* Material provided *
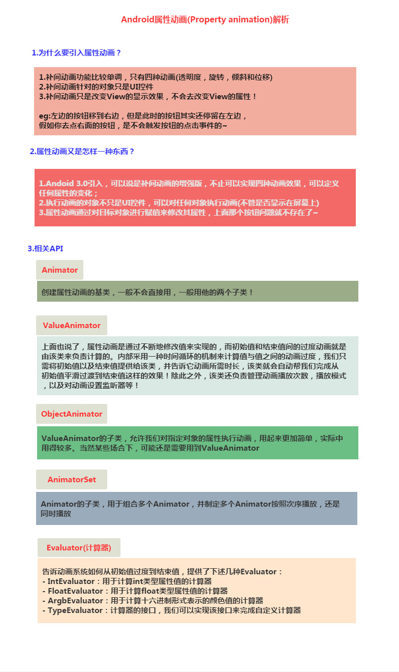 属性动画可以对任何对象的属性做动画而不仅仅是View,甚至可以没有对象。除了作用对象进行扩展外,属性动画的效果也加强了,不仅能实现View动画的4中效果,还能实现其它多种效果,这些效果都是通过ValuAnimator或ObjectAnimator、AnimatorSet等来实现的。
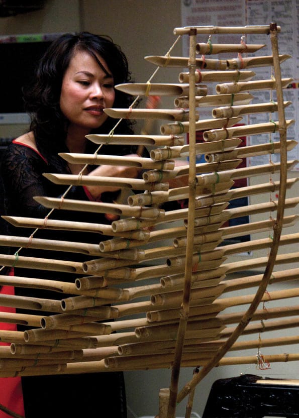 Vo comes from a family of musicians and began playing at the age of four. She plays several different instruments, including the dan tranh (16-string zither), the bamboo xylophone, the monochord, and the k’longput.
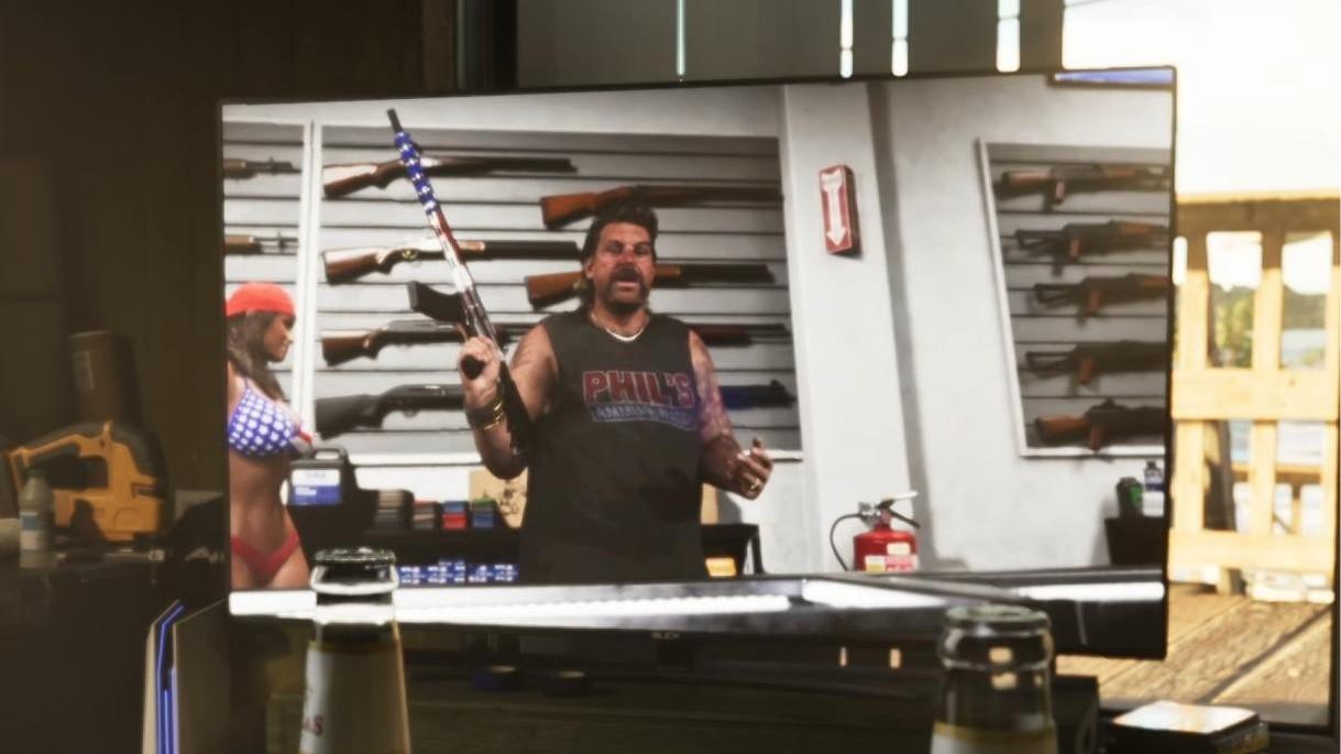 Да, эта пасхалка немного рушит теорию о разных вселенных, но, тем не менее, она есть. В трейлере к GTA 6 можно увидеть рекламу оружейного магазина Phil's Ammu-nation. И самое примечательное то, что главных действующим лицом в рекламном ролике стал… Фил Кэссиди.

* Exercise details *
Nothing but an exact transcription of the material, without pictures, should be returned.

* Response *
 属性动画可以对任何对象的属性做动画而不仅仅是View,甚至可以没有对象。除了作用对象进行扩展外,属性动画的效果也加强了,不仅能实现View动画的4中效果,还能实现其它多种效果,这些效果都是通过ValuAnimator或ObjectAnimator、AnimatorSet等来实现的。
 Vo comes from a family of musicians and began playing at the age of four. She plays several different instruments, including the dan tranh (16-string zither), the bamboo xylophone, the monochord, and the k’longput.
 Да, эта пасхалка немного рушит теорию о разных вселенных, но, тем не менее, она есть. В трейлере к GTA 6 можно увидеть рекламу оружейного магазина Phil's Ammu-nation. И самое примечательное то, что главных действующим лицом в рекламном ролике стал… Фил Кэссиди.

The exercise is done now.